Global Warming Explained: The Objective Truth 🌎 | Great Reminders
No politics • Just facts

Clear, neutral, science-based. What’s happening, why it’s happening, what it means, and the choices we have—without hype or denial.

Last updated: Nov 2025 • CO₂ ≈ 425 ppm

The Fact: Earth has warmed about +1.2 °C since 1850–1900. It’s the fastest rise in at least 10,000 years.
The Cause: Mainly human activity—burning fossil fuels and deforestation—raising CO₂ ≈ 425 ppm (vs 280 ppm pre‑industrial).
The Consequence: More extreme heat, rising seas, shifting rainfall, ecosystem stress; risks grow sharply beyond 1.5–2 °C.
The Choice: Cut emissions, scale clean energy, protect nature, adapt smartly. Serious—yet solvable.

The Objective Climate Story — One Clear, Flowing Explanation

This is the whole story in plain English. No politics, no panic—just the truth you can trust. Read straight through, and open the extras if you want to go deeper.

How the Earth Changed Before Us

For billions of years, Earth’s climate has swung between warmer and colder states. Over the last 500 million years, there were ages with palm trees near the poles and ages when ice reached the tropics. These changes were real—but they took thousands to millions of years. Life adapted because change was slow.
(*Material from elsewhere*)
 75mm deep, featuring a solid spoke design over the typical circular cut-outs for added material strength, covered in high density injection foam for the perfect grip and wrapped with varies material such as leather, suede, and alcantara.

Humans arrived only about 300,000 years ago, and our civilizations grew during an unusually stable period called the Holocene—about the last 10,000 years, when global temperature stayed within roughly ±1 °C. Stability is the cradle of cities, farming, and modern life.

Deep-time context (why “it was hotter before” doesn’t make today safe)
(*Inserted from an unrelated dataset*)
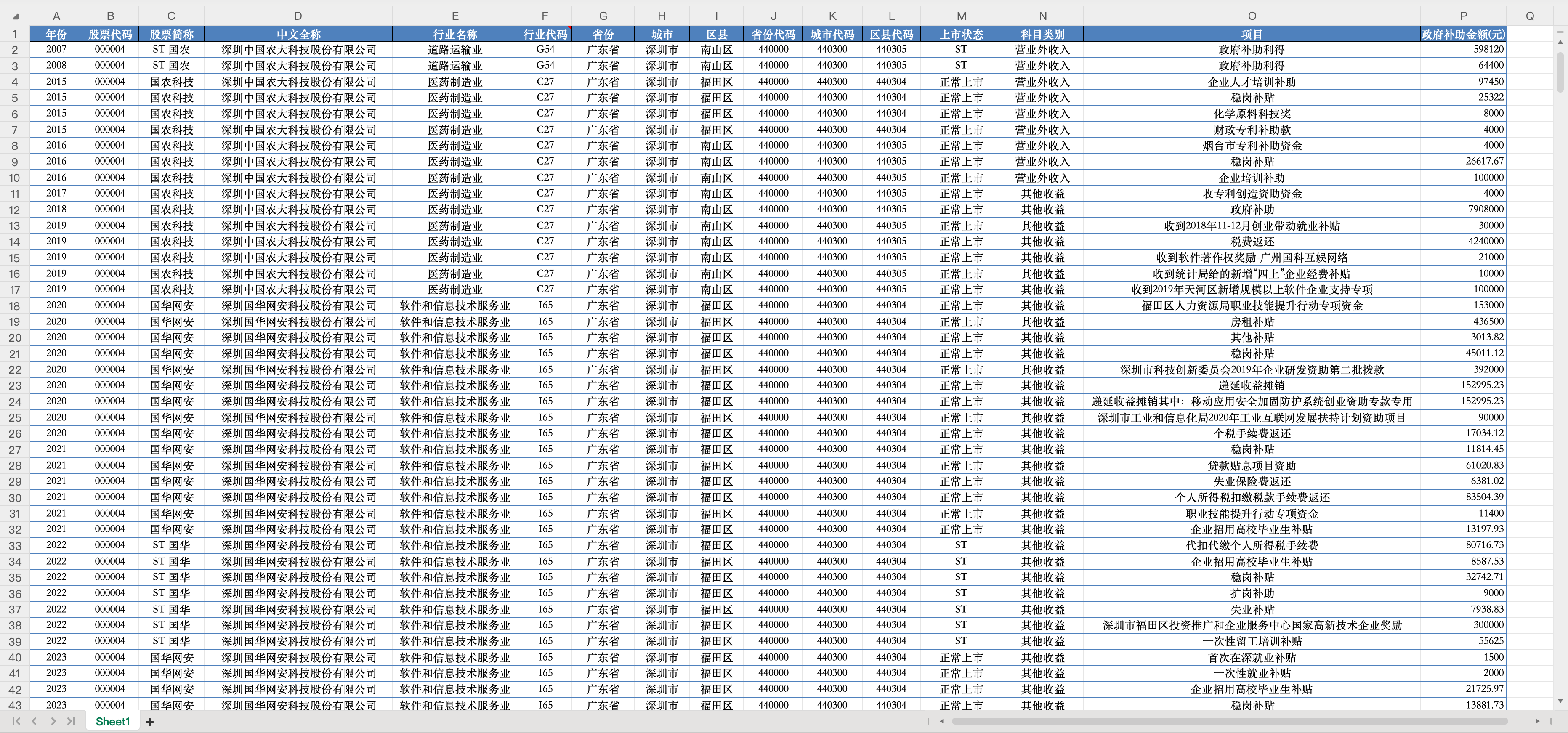 上市公司政府补助明细、统计数据(2007-2024年)

Yes, in the distant past the planet was often warmer—sometimes by +8–12 °C—and sea level was tens of meters higher. But those worlds were not hospitable for humans or modern ecosystems, and the changes unfolded very slowly. Today’s warming of roughly +1.2 °C in ~150 years is ~10–100× faster than many natural shifts in the recent geological record.

Global reconstructions show a slow cooling trend over the last 5,000 years, then a sharp modern spike since the 1800s. That spike aligns with human emissions, not with changes in the Sun or Earth’s orbit.

Why It’s Different Now

Since the late 1800s, global average temperature has risen about +1.2 °C. Oceans are heating, glaciers and ice sheets are shrinking, sea level is rising, and extremes—heatwaves, heavy rainfall, droughts—are becoming more frequent and intense.
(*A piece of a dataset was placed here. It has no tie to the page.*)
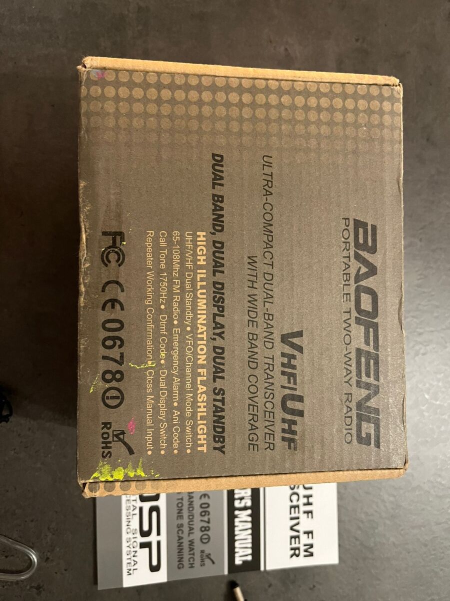 Das Funkgerät wurde einmal verwendet, Schutzfolie teilweise noch vorhanden.

The cause is clear: humans are adding heat‑trapping gases to the air, especially CO₂ from coal, oil, and gas, plus methane and nitrous oxide from energy and agriculture. CO₂ rose from ~280 ppm to ~425 ppm today—the highest in at least 3 million years.

How the greenhouse effect works (simple physics)

Sunlight warms the surface. Earth releases heat as infrared. Greenhouse gases absorb some of that heat and re‑emit it, slowing the rate it escapes to space—like adding a thicker blanket. For CO₂, a standard approximation for the added heat is ΔF ≈ 5.35 × ln(C/280) W/m². The long‑term temperature response is about ~3 °C per doubling of CO₂ (from 280→560 ppm), called the equilibrium climate sensitivity.

Oceans store ~90% of the excess heat, so warming unfolds over decades to centuries—the time‑lag. Even after emissions fall, temperatures and sea level keep adjusting for a while.

The Main Drivers of Emissions (with honest percentages)

By gas (global CO₂‑equivalent shares, rounded): CO₂ ~74–76%, methane ~16–17%, nitrous oxide ~6%, F‑gases ~2–3%. By sector (non‑overlapping, rounded): Electricity & heat ~34%, Industry ~24%, Agriculture/forestry/land ~22%, Transport ~15%, Direct fuels in buildings ~6%.

Who emits the most (today and historically)?
  • Annual CO₂ (today): China ~30%, U.S. ~14%, EU ~7–8%, India ~7–8%, rest of world ~40%+.
  • Historical cumulative CO₂ (since ~1850): U.S. ~20–25%, EU ~17–22%, China ~13–14%, India ~3%, others share the remainder.

Meaning: Some of the regions that contributed least historically are among the most vulnerable to impacts today. Fairness matters.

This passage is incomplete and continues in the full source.